RL Notes (5): PPO • Xiaohei's Blog

Preface#

Note: this series is converted from my Mubu notes. If you prefer a more illustrated reading experience, you can read it in my Mubu space. Due to length constraints, the Chapter 12 Mubu notes are there. If you find any logical mistakes, please let me know in the comments—thank you!

Preface#

If REINFORCE feels like “it can learn but it’s very shaky,” PPO often feels like “finally this looks like an engineering algorithm.”

PPO addresses a very practical problem:

On-policy methods require very fresh data, but the cost is that sampling gets consumed like a bottomless pit; off-policy methods can reuse data and have high sample efficiency, but once updates push the policy too far away from the data distribution, training can easily collapse. PPO essentially balances these two needs: it wants to use data more thoroughly, but it doesn’t want the policy to take too large a step each update.

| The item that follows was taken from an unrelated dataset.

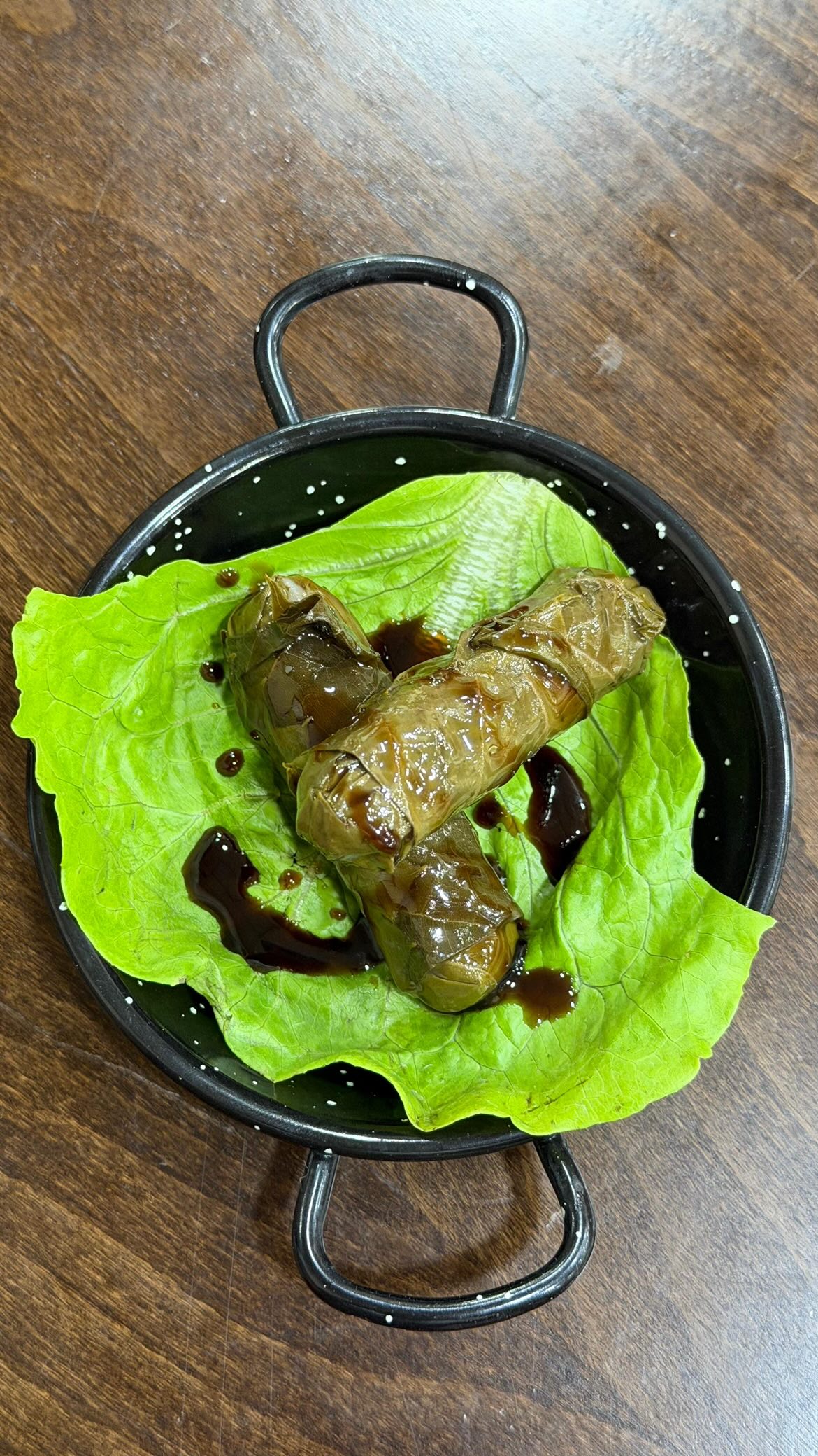 馃敻Dos rollitos de parra, rellenos de arroz perfectamente condimentados con especias 煤nicas, ba帽ados con una salsa de granada

So the docs first introduce importance sampling, and then arrive at the key point of PPO: limit the gap between the new and old policies.

Importance sampling: estimate a new policy from old data#

The docs say “use importance sampling to switch from same-policy to different-policy.” Intuitively:

data is collected by the old policy $\pi_{\theta'}$ ;
but we want to optimize the new policy $\pi_\theta$ ;
use a ratio to compensate for distribution mismatch:

r_t(\theta)=\frac{\pi_\theta(a_t|s_t)}{\pi_{\theta'}(a_t|s_t)}

The issue is: if the new and old policies differ too much, this ratio can explode or go to 0, making updates highly unstable.

PPO’s core: don’t update too aggressively#

The docs describe PPO’s goal: avoid $p_\theta(a|s)$ and $p_{\theta'}(a|s)$ being too different.

TRPO enforces a KL-divergence constraint (but is complex to implement); PPO puts the “constraint” into the objective function, making optimization look like ordinary gradient methods.

The most common PPO objective is the clipped objective (the docs don’t expand the full formula, but the idea is the same):

\mathcal{L}^{\text{CLIP}}(\theta) = \mathbb{E}\big[\min(r_t(\theta) A_t, \text{clip}(r_t(\theta), 1-\epsilon, 1+\epsilon) A_t)\big]

Here $A_t$ is the advantage (usually from a critic or GAE).

PPO practical points (I think more important than formulas)#

1) PPO is still on-policy#

The docs emphasize: even though importance sampling is used, PPO usually only uses data from the previous policy iteration. So the behavior policy and target policy are very close and can be treated as effectively the same policy.

This is a constraint you must follow when coding:

the sampling buffer cannot accumulate many iterations like DQN;
you can reuse at most K epochs (multi-epoch mini-batch optimization), but it’s still based on the same batch of rollouts.

2) Advantage estimation determines stability#

PPO itself is just an “update constraint”; what really determines the learning signal quality is $A_t$ .

Common engineering practice:

use a critic to estimate $V(s)$
use GAE( $\lambda$ ) to compute advantages

[Image placeholder: GAE computation flowchart (TD residual decayed accumulation)]

3) Two knobs people tune the most#

clip epsilon (e.g., 0.1 ~ 0.3)
entropy bonus coefficient (encourage exploration, avoid premature collapse)

Chapter summary: PPO’s contribution is “controllability”#

In my view, PPO’s most important contribution is not how “new” it is, but that it makes policy-gradient updates controllable:

you can constrain update magnitude via KL / clip;
you can reuse the same batch of data for multiple epochs to improve sample utilization;
it naturally fits the actor-critic architecture.

Next chapter we’ll return to the value-based camp: DQN. You’ll find it also does “stability engineering,” but with completely different tools: experience replay + target networks.